In a previous post on the rollover of a US retirement plan to an RRSP, I argued that the IRS viewed “periodic” as non-restrictive in treaty pension provisions.
The consequence being: When Article XVIII paragraph (2)(b) of the US-Canada tax treaty limited the US tax on a Canadian resident’s “periodic pension payment” to 15%, that limit also applied to lump-sum payments (such as a full liquidation) from a 401(k) plan or an Individual Retirement Account (IRA).
But the IRS recently clarified their position on the US-Canada treaty, and it is decidedly not the one they took in Letter Ruling 9041041, where they reasoned that “the term ‘periodic’ is simply descriptive of a pension payment generally”.
Instead they quietly revised Tax Treaty Table 1 in Feb 2019 to insert a straightforward assertion in footnote ii:
“In Canada, the 15% rate does not apply to a lump-sum payment.”
That’s a blow to RRSP rollovers under subsection 60(j) of the Income Tax Act (Canada), which involve a lump-sum withdrawal from a US plan. Such a withdrawal is likely to face a higher rate of US tax without treaty protection.

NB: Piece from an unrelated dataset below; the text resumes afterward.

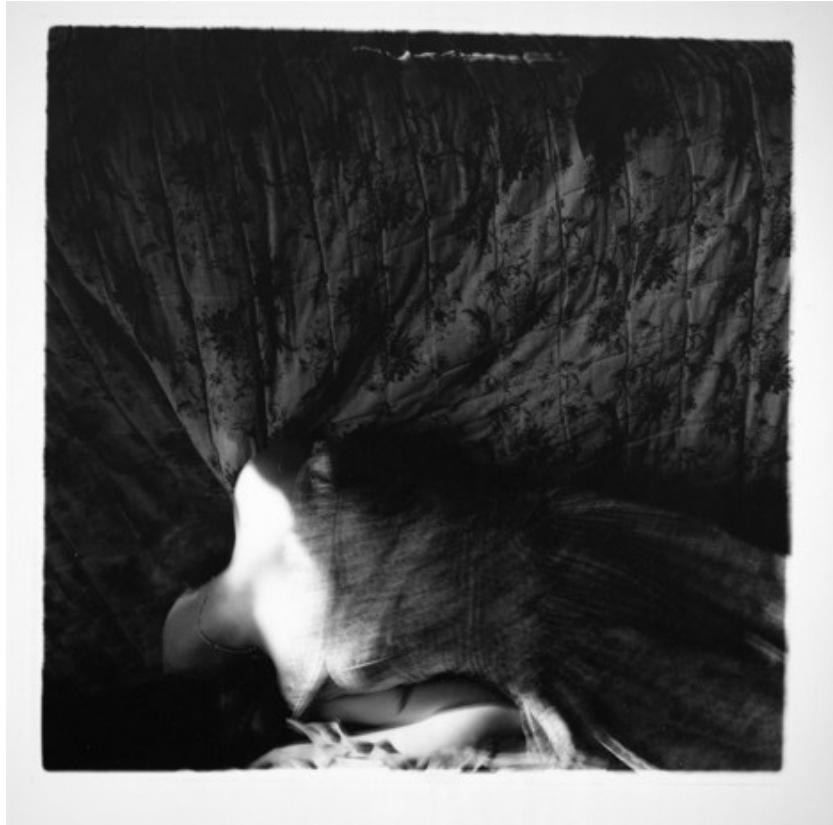
Fig. 5. Francesca Woodman, Providence, RI (RISD), 1975-1978.

“diary pictures,” certainly seem to tell as much as show—a story that seems familiar, involving fairy-tale or gothic transformations. 40 She could be asking herself Breton’s follow-up to his opening salvo “Who am I?”: what or “whom [do] I ‘haunt?’” And yet the words with which to complete the narrative seem just beyond reach, comparable to the way Woodman’s body seems to be moving just beyond visibility.

In some cases, it might still be possible to do a tax-neutral 60(j) rollover. Canada considers the full US tax liability to be “non-business income tax paid to a foreign country” for purposes of the Canadian foreign tax credit, even if it exceeds the treaty rateCRA Document 2011-0398741I7. But the taxpayer’s income from other sources in the year of the rollover would need to produce sufficient Canadian tax to fully utilize the credit. More US tax makes this a higher bar to clear.
Anyone wishing to claim, contrary to the IRS’s footnote, that the 15% treaty rate applies to their lump-sum withdrawal in Canada, may wish to explain their interpretation of the treaty on a Form 8275 disclosure with their return, to preserve a potential “reasonable basis” defense against the 20% accuracy penaltyReg § 1.6662-3(c)(2) if they don’t prevail on the merits of their position.
The IRS’s revisions to Tax Treaty Table 1 suggest that they are taking a piecemeal approach to parsing treaty language, rather than applying interpretive principles consistently between countries. The United Kingdom gets a similar “no lump sum” callout in the same footnote. But there’s no indication that they are reversing course on Australia, where they took the opposite stanceLetter Ruling 200416008.
If there’s anything good to be said for the IRS’s newly-elucidated position on the Canada treaty, it’s that it reciprocates Canada’s own interpretation in the mirror situation. A US resident seeking treaty benefits on a lump sum payment from a Canadian pension plan or RRSP will have their hopes dashed by section 5 of the Income Tax Conventions Interpretation Act (Canada):
“periodic pension payment” means… a pension payment other than
(a) a lump sum payment… under a registered pension plan,
(b) a payment before maturity… under a registered retirement savings plan, …
Perhaps someone at the IRS noticed that Canada wasn’t playing nice here.